Depuis bientôt une heure, dans le vaste manège couvert d’Equiphoria, à La Canourgue, en Lozère, le petit Tom, juché sur le dos d’une jument camarguaise, une bombe sur la tête, tourne sur la piste de sable. Le jeune garçon de 9 ans et demi, originaire de la région parisienne, est atteint d’encéphalopathie avec syndrome pyramidal, une maladie neurologique grave(1) qui le prive de sa tonicité. Habituellement maintenu dans un fauteuil-coquille, il est aussi sujet à une stéréotypie des bras (mouvements aléatoires), qui semble moins présente quand il est sur le cheval. Ce matin, il réussit à se tenir droit et il sourit. En tee-shirt orange siglé « Equiphoria », Céline Rochefort, spécialiste équine, Inès Gaillard, psychomotricienne, et Sylvie Della Silva, psychologue, marchent à ses côtés, à l’écoute de toutes ses réactions. « Dans son fauteuil, il nous regarde d’en bas. Ici, il est grand, il voit le monde de haut. Symboliquement, c’est très fort pour aller de l’avant », indique Matthieu Fèvre, pédopsychiatre, qui intervient au centre depuis le printemps dernier.
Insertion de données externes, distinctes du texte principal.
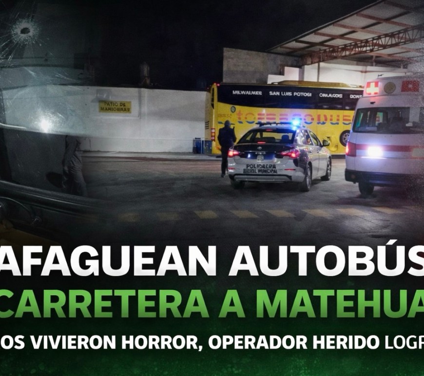 Ataque armado en plena carretera deja al operador herido; pese a ello, logró huir y salvar a los pasajeros. Continúa leyendo RAFAGUEAN AUTOBÚS EN CARRETERA A MATEHUALA: OPERADOR HERIDO LOGRA ESCAPAR 🚨
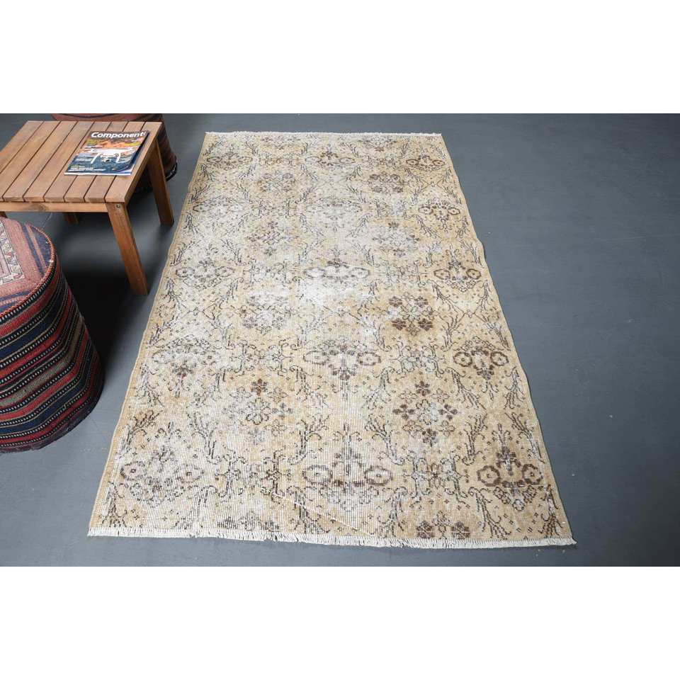 พรมขนสัตว์สีเบจแนววินเทจพรมขนแกะทรงสี่เหลี่ยมผืนผ้าผืนใหญ่ดีไซน์งานปะทำด้วยมือมียางรองสำหรับโถงทางเดิน3.8x6.6ฟุต

Arrivé il y a trois jours, l’enfant va poursuivre avec une séance quotidienne pendant une semaine. « En temps normal, il se perd et a du mal à contrôler ses mouvements. Là, il se concentre », constate Céline Colin, sa mère, qui l’observe depuis une salle aménagée à l’étage. Elle-même se détend petit à petit : « C’est la troisième session et on le sent content d’être ici, impatient d’approcher l’équipe et le cheval ; on voit déjà un bénéfice sur son tonus et son humeur. » Les parents ont tenté plusieurs pistes pour aider Tom, notamment à l’étranger, ayant trouvé en France très peu de solutions adaptées à sa situation particulière. D’ordinaire, leur fils passe trois jours par semaine dans un institut médico-éducatif (IME) à Paris. Mais les neurologues et pédiatres ne lui ont jamais proposé que les chemins classiques. « Ils ne comprennent même pas que j’aille chercher des alternatives ailleurs », regrette la maman. Or, avec une heure de kiné hebdomadaire et une heure d’orthophonie tous les quinze jours, les bénéfices sont peu marqués d’une séance à l’autre. « Elles sont trop espacées dans le temps et il oublie, alors qu’en venant ici tous les matins, la répétition l’aide à assimiler les choses », souligne Céline Collin. Comme ils n’ont pas de remboursement pour ce type de « stage », les parents de Tom ont créé l’association Un pour tous, tous pour Tom.
A l’instar de France et Thierry Lemaire, mère et beau-père de Lisa, jeune femme de 20 ans atteinte d’une infirmité motrice cérébrale (IMC), en chaise roulante. Elle est venue de la Somme pour une prise en charge d’une semaine à Equiphoria. Après une première séance un peu tendue, elle corrige déjà assez naturellement sa position sur le cheval et la spasticité de ses membres inférieurs (contractions musculaires incontrôlées) s’améliore. « L’équipe sur place est très complète, très pro, précise le beau-père. Les pistes qu’ils explorent sont inhabituelles et manifestement très efficaces sur Lisa, qui retrouve un peu le fonctionnement de son corps. » Par exemple, pour chaque patient accompagné, le cheval qui le porte est choisi sur-mesure – telle Soria, la jument calme et « bonne copine » qui porte Tom, ou Dalton, qui porte Lisa.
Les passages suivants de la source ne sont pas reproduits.